The hook fires **after** tier filtering (eligible models are known) and **before** capability scoring (scores have not been computed yet). A hook can override selection entirely or return `undefined` to let scoring proceed normally.
**Registering a handler:**
```typescript
pi.on("before_model_select", async (event) => {
const { unitType, unitId, classification, taskMetadata, eligibleModels, phaseConfig } = event;
// Custom routing strategy: always use gemini for research tasks
if (unitType.startsWith("research-")) {
const gemini = eligibleModels.find(id => id.includes("gemini"));
if (gemini) return { modelId: gemini };
}
// Return undefined to let capability scoring proceed
return undefined;
});
```
**Event payload:**
| Field | Type | Description |
|-------|------|-------------|
| `unitType` | `string` | The unit type being dispatched (e.g., `"execute-task"`) |
| `unitId` | `string` | Unique identifier for this unit dispatch |
| `classification` | `{ tier, reason, downgraded }` | The complexity classification result |
| `taskMetadata` | `Record<string, unknown> \| undefined` | Task metadata extracted from the unit plan |
| `eligibleModels` | `string[]` | Models eligible for the classified tier |
| `phaseConfig` | `{ primary, fallbacks } \| undefined` | The user's configured model for this phase |
**Return value:** `{ modelId: string }` to override selection, or `undefined` to defer to capability scoring.
**First-override-wins:** If multiple extensions register handlers, the first one to return a non-undefined result wins. Subsequent handlers are not called.
## Complexity Classification
Units are classified using pure heuristics — no LLM calls, sub-millisecond:
### Unit Type Defaults
| Unit Type | Default Tier |
|-----------|-------------|
| `complete-slice`, `run-uat` | Light |
| `research-*`, `plan-*`, `complete-milestone` | Standard |
| `execute-task` | Standard (upgraded by task analysis) |
| `replan-slice`, `reassess-roadmap` | Heavy |
| `hook/*` | Light |
### Task Plan Analysis
For `execute-task` units, the classifier analyzes the task plan:
| Signal | Simple → Light | Complex → Heavy |
|--------|---------------|----------------|
| Step count | ≤ 3 | ≥ 8 |
| File count | ≤ 3 | ≥ 8 |
| Description length | < 500 chars | > 2000 chars |
| Code blocks | — | ≥ 5 |
| Complexity keywords | None | Present |
**Complexity keywords:** `research`, `investigate`, `refactor`, `migrate`, `integrate`, `complex`, `architect`, `redesign`, `security`, `performance`, `concurrent`, `parallel`, `distributed`, `backward compat`
### Adaptive Learning
The routing history (`.sf/routing-history.json`) tracks success/failure per tier per unit type. If a tier's failure rate exceeds 20% for a given pattern, future classifications are bumped up. User feedback (`over`/`under`/`ok`) is weighted 2× vs automatic outcomes.

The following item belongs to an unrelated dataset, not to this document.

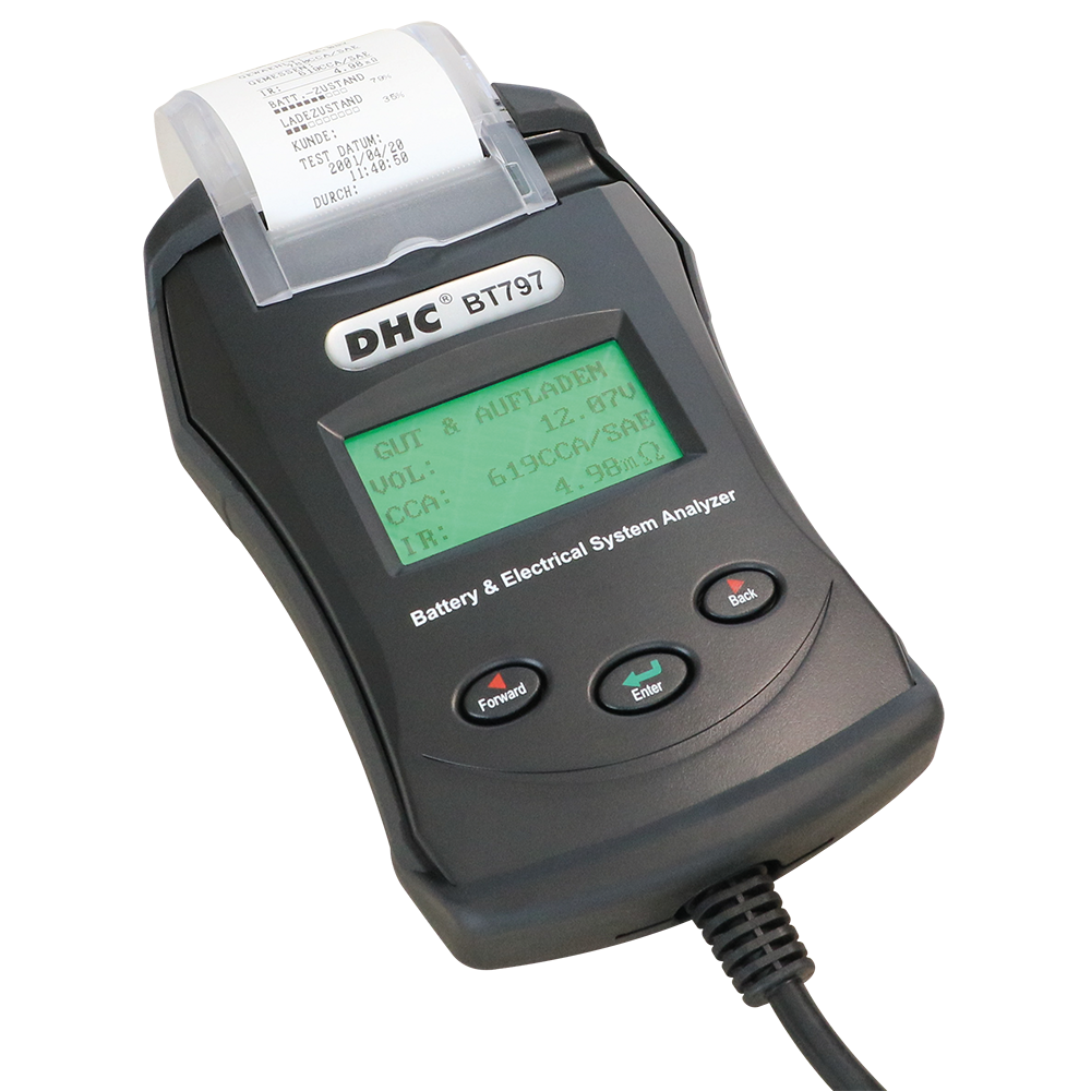 Professionelles Batterietestgerät mit eingebautem Thermo-Drucker zum Testen folgender Batterie-Typen: • Flüssigbatterie (Blei-Säure Akku) • AGM Flat • AGM Spiral •...
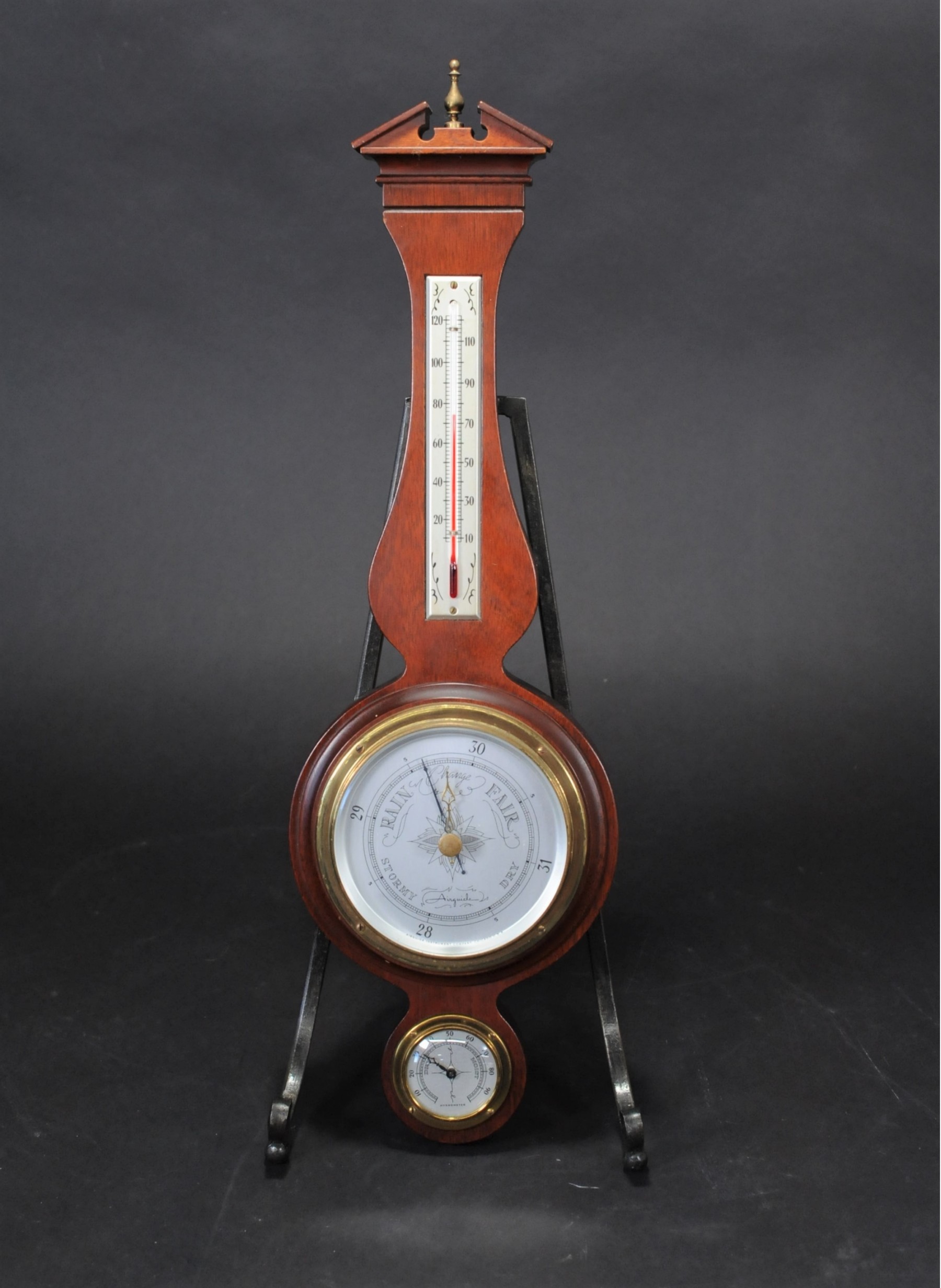 Listed is a mid-century banjo style Airguide barometer. It appears to be in working order. It measures 20"h x 6.5"w at widest point. In good vintage condition.

## Interaction with Token Profiles
Dynamic routing and token profiles are complementary:
- **Token profiles** (`budget`/`balanced`/`quality`) control phase skipping and context compression
- **Dynamic routing** controls per-unit model selection within the configured phase model
When both are active, token profiles set the baseline models and dynamic routing further optimizes within those baselines. The `budget` token profile + dynamic routing provides maximum cost savings.
## Cost Table
The router includes a built-in cost table for common models, used for cross-provider cost comparison. Costs are per-million tokens (input/output):
| Model | Input | Output |
|-------|-------|--------|
| claude-haiku-4-5 | $0.80 | $4.00 |
| claude-sonnet-4-6 | $3.00 | $15.00 |
| claude-opus-4-6 | $15.00 | $75.00 |
| gpt-4o-mini | $0.15 | $0.60 |
| gpt-4o | $2.50 | $10.00 |
| gemini-2.0-flash | $0.10 | $0.40 |
The cost table is used for comparison only — actual billing comes from your provider.